Abgerundet wurde der Besuch durch eine Begehung des Schlossturmes. Dort konnte ich bei strahlender Sonne den Rundblick auf Wiesenburg und den Naturpark Hoher Fläming genießen.

 

Bürgersprechstunde am 31.3 in Bad Belzig

Herzliche Einladung zur Bürgersprechstunde! Ich freue mich auf viele gute und wichtige Gespräche. Gerade in einer Zeit mit vielen politischen Herausforderungen und insbesondere Putins Krieg in der Ukraine ist es umso wichtiger, dass wir uns eng austauschen. Bis Donnerstag!

Besuch der Euthanasie-Gedenkstätte in Brandenburg an der Havel am 30.03.2022

Am 30.03. besuchte ich die Gedenkstätte für die Opfer der Euthanasie-Morde am Nicolaiplatz in Brandenburg an der Havel. Die Gedenkstätte leistet einen besonderen Beitrag für die Erinnerungskultur zu den Verbrechen des Nationalsozialismus, indem sie über die genauen Umstände der lange wenig bekannten Euthanasie-Morde aufklärt.

Während des Besuches führte mich die Gedenkstättenleiterin Dr. Sylvia de Pasquale über das Gelände der ehemaligen Tötungsanstalt und durch die Ausstellung. Dabei erläuterte sie auch die Funktion der Euthanasie-Morde als Vorstufe des Holocaust, denn hier begann Anfang 1940 mitten in der Stadt das Morden mit Gas.

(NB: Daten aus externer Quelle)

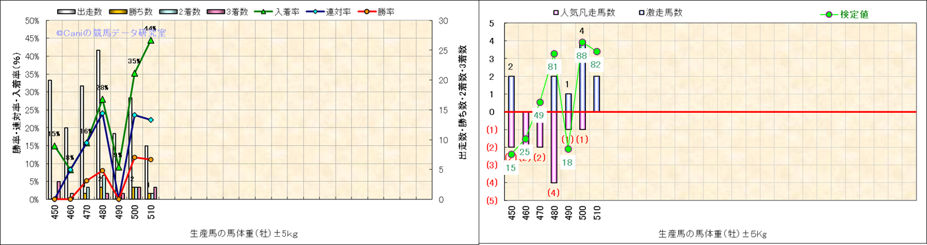 牡産駒の体重別成績-近3年- |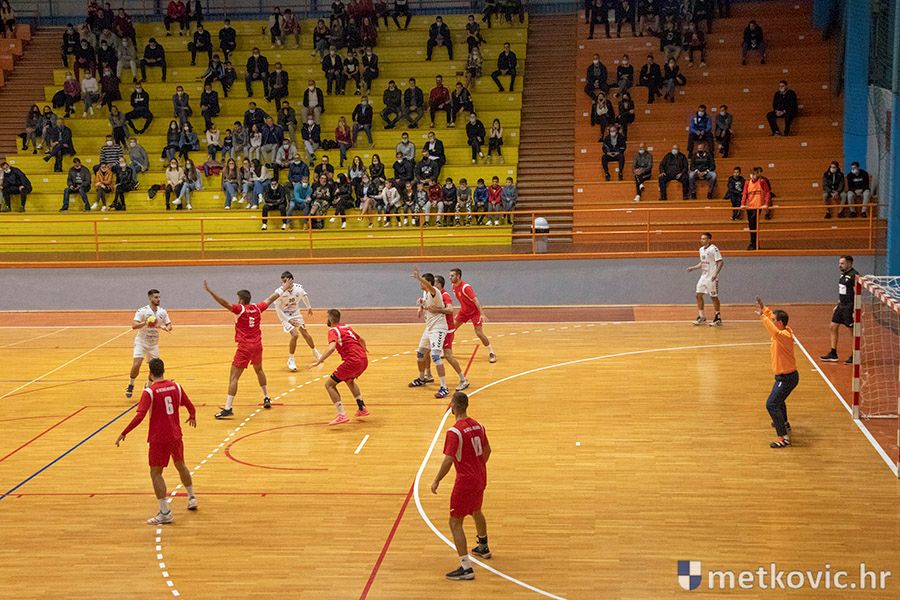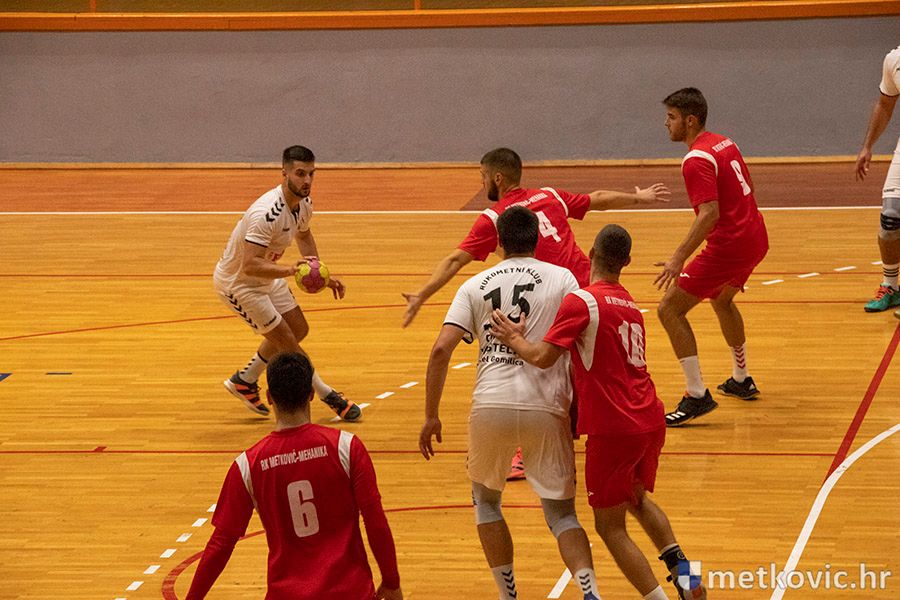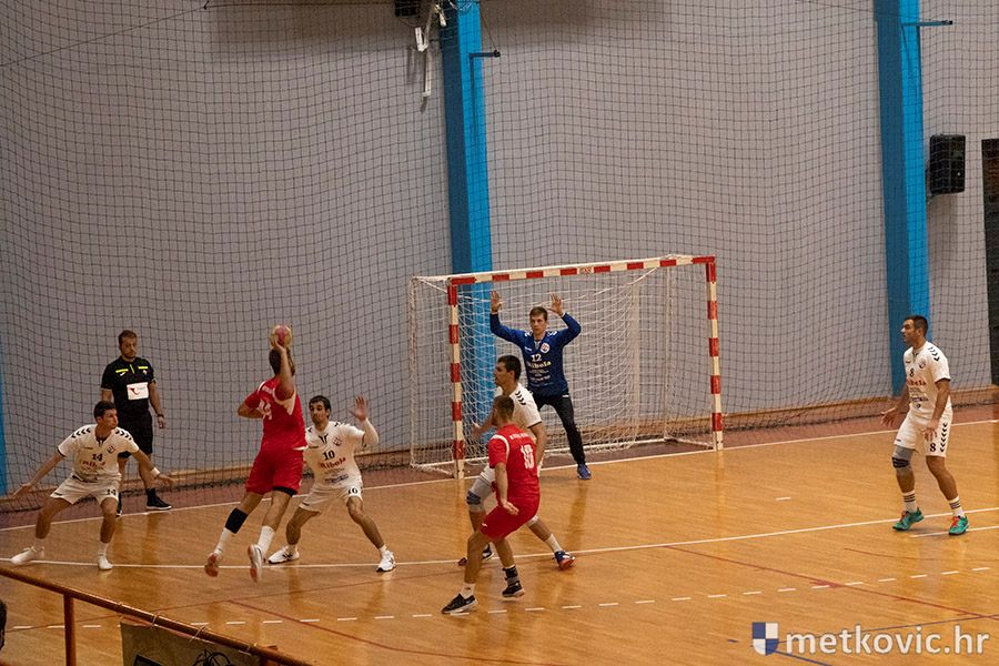 Metković, 18.10.2020. - U 4. kolu 1. HRL Jug rukometaši Metković – Mehanike pobijedili su u Gradskoj sportskoj dvorani RK Ribolu iz Kaštela s 21:20 i tako zauzeli prvo mjesto na tablici.

Dr. Silvia de Pasquale beschreibt den Ablauf der menschenverachtenden Euthanasie-Morde, die während des Nationalsozialismus in der Stadt Brandenburg stattgefunden haben.

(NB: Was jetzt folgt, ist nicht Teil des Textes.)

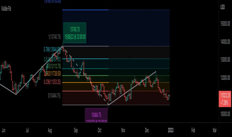 • Visible Zig Zag: This method uses historical pivots from a Zig Zag indicator for level calculation. The "nth Last Pivot" input in the script settings controls how many pivots back from the last visible one will be used to calculate the Fibonacci levels.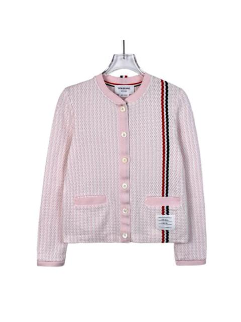 Thom Browne Light Pink Striped Cotton Crewneck Cardigan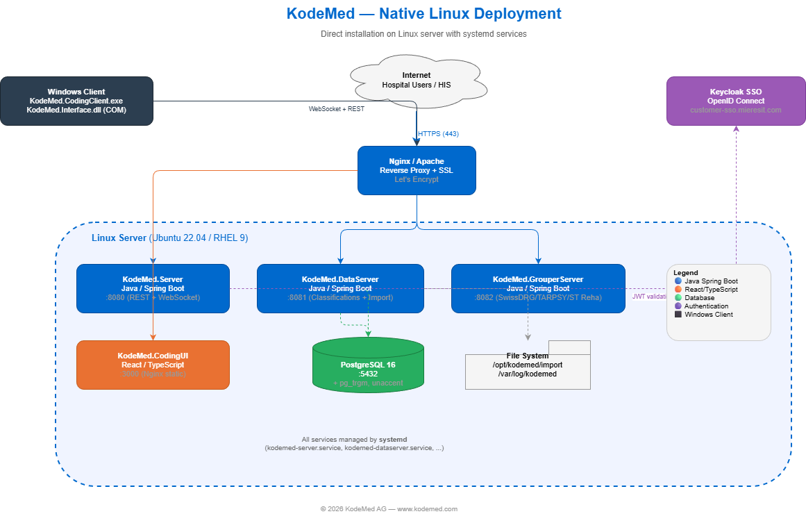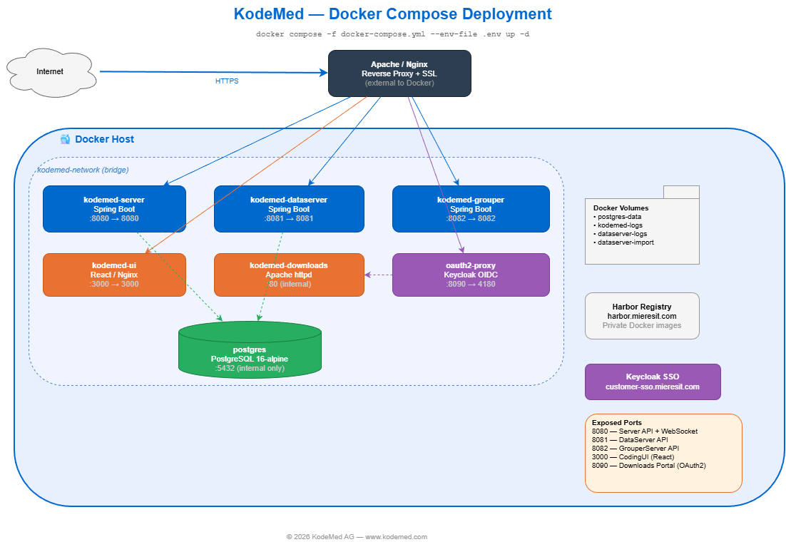 docker-compose.yml— orchestrates all KodeMed services (Server, DataServer, Grouper, CodingUI, PostgreSQL).env— passwords, URLs, and settings (keep this file secure)runtime-config.js— browser configuration for the CodingUI

Anschließend unterhielten wird uns über die Bildungsarbeit der Gedenkstätte und ihre Förderung durch Bundesmittel. Hierbei wurde deutlich, dass sie wegen ihrer inklusiven pädagogischen Arbeit ein innovativer Leuchtturm unter den deutschen Gedenkstätten ist.

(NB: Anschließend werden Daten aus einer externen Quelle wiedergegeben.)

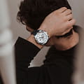 Мужские швейцарские часы-хронографХронографФункция позволяет измерять отрезки времени с особой точностью: часы, минуты, секунды. Верным признаком хронографа является наличие на циферблате 3 дополнительных окошек-счётчиков. Jaguar Executive Chrono J857/1. Кварцевый швейцарский калибр Ronda 5030d. Сапфировое стеклоСапфировое стеклоПрочный и надёжный материал из кристалла сапфира синтетического происхождения, характеризующийся особой твёрдостью и устойчивостью к царапинам и повреждениям. устойчивое к мелким механическим повреждениям. Корпус и браслет часов изготовлены из нержавеющей стали. Стрелки и метки с люминесцентным покрытиемЛюминесцентное покрытиеПозволяет считывать показания времени в темноте. Производители наносят на стрелки, часовые индексы, безель или поверхность циферблата светонакопительный состав, дающий холодное свечение.. Окошко даты находится в положении между «4» и «5 часами». Класс водозащиты: 100 метров, позволит плавать, нырять и заниматься другими водными видами спорта. Кожаный ремешок на стандартной застёжке.

Besuch der Integrationsbeauftragten der Stadt Brandenburg am 30.03.2022

Am 30. März standen die Themen Gleichberechtigung, Integration und Inklusion auf meiner Tagesordnung. Darüber unterhielt ich mich mit der Beauftragten für Integration und Menschen mit Behinderung der Stadt Brandenburg, Katrin Tietz. Ich konnte ihr dabei von zahlreichen Gesetzesreformen für mehr Gleichberechtigung berichten, die wir auf Bundesebene planen. Wir sprachen auch über den Konflikt zwischen Barrierefreiheit und Denkmalschutz und waren uns darüber einig, dass die Teilhabe aller Menschen dort stärker beachtet werden muss.

Katrin Tietz erklärt mir die aktuellen Entwicklungen in ihrem Verantwortungsbereich.

Ich habe mich zudem umfassend über die Situation der ukrainischen Kriegsflüchtlinge in der Stadt sowie die Entwicklung der Hilfsangebote informiert. Die vorschreitende Vernetzung zwischen Stadtverwaltung, Hilfsorganisationen und ehrenamtlichen Initiativen ist ein wichtiger Schritt. Sie stärkt wirksam die Unterstützungs- und Integrationsangebote für die Geflüchteten. Durch direkten Kontakt zu Helferinnen und Helfern sowie meinen Besuch der Aufnahmeeinrichtung in der Upstallstraße kenne ich die große Hilfsbereitschaft in unserer Stadt. Ich unterstütze als Bundestagsabgeordnete selbstverständlich immer gerne, wo ich kann.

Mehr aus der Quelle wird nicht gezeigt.